Fueling Strategy: Please keep tanks topped today/tonight, Saturday AM wholesale prices will go up 1.5 cents then Sunday AM wholesale prices will shoot UP 4 cents – Be Safe Today!

NYMEX Crude $ 35.92 UP $1.3500
NY Harbor ULSD $1.1613 UP $0.0411
NYMEX Gasoline $1.3321 UP $0.0333

NEWS
The U.S. oil benchmark closed at its highest level since early January as traders turned their focus toward signs of falling U.S. production and continued talk of a potential output freeze by other major producers. A drop in the number of active U.S. oil-drilling rigs for the 11th straight week helped cement those gains, with both the U.S. and global benchmark posting weekly advances of more than 9%.

On the New York Mercantile Exchange, April West Texas Intermediate crude added $1.35, or 3.9%, to close at $35.92 a barrel—the highest finish since Jan. 5. For the week, WTI rose 9.6%. May Brent crude the global oil benchmark, added $1.65, or 4.5%, to finish at $38.72 a barrel on London’s ICE Futures exchange. That marked the highest finish since Dec. 10 and a weekly advance of 9.3%.

The number of active rigs drilling for crude in the U.S., viewed as a rough proxy for activity in the oil industry, fell by 8 to 392 rigs as of Friday, according to data from Baker Hughes Inc. The total number of active U.S. drilling rigs fell 13 to 489. The total tally was the lowest since the 488 count recorded on April 23, 1999, which was the lowest number since records began in the late 1940s. The fall in oil rigs “supports the idea that U.S. oil output is going to continue to decline in coming weeks,” said Tyler Richey, co-editor of The 7:00’s Report. While the number of U.S. oil rigs has fallen for 11 weeks straight, oil output hasn’t fallen by as much as some expected because drillers have increased their efficiency and employed new technologies. Still, domestic output has seen a 2.6% year-over-year drop in the week that ended Feb. 26.

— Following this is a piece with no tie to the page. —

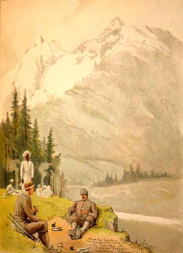 | Keywords: Camping, Himalayas.jpg en Lloyd's Sketches of Indian Life London 1890 chromolithographs enhanced with gum arabic Arrival in Bombay native women-- visions of Lalla Rookh waking in the morning street scene Central India revenge for noise donkey-riders soldiers croquet dust-sprinkling at the club The Alligator's Dinner Hour Camping Himalayas families hunting porters various sketches 1 various sketches 2 various sketches 3 various sketches 4 Source ebay Aug 2005 1890 http //www columbia edu/itc/mealac/pritchett/00routesdata/1800_1899/dailylife_drawings/lloyd1890/lloyd1890 html Lloyd's Sketches PD-Art Uploaded with UploadWizard W Lloyd 'Lloyd's Sketches of Indian Life' London Chapman Hall 1890 |

Futures also continued to find support on talk of a planned meeting later this month between major oil producers who are expected to discuss a possible freeze in crude production. Ibe Kachikwu, Nigeria’s minister of state for petroleum resources, said Thursday that a meeting will take place on March 20 in Moscow to “fine tune collaborative strategies,” according to a statement from the Nigerian National Petroleum Corp. Big suppliers like Iran, however, have already indicated that they won’t join the freeze plan.

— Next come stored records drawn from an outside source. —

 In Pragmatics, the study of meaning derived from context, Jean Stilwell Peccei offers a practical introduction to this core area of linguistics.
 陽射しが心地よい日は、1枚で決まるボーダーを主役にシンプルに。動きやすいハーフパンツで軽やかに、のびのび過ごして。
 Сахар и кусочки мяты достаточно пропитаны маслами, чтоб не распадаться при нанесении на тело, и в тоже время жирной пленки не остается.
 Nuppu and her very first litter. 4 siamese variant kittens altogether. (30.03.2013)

Meanwhile, the Labor Department on Friday showed that the U.S. economy added a more-than-expected 242,000 jobs last month, while the unemployment rate held at 4.9%. “The big demand-growth question marks out there” are in non-Organization for Economic Cooperation and Development countries, while U.S. demand “continues to prove relatively strong and stable,” said Robbie Fraser, commodity analyst at Schneider Electric. Longer term, however, Fraser wasn’t too optimistic. “There’s still the knowledge that this market is…oversupplied with oil, perhaps well into 2017,” he said. “As these various short-term bullish factors are evaluated and placed into context, I would expect the long-term fundamental bearishness of this market to set back in.”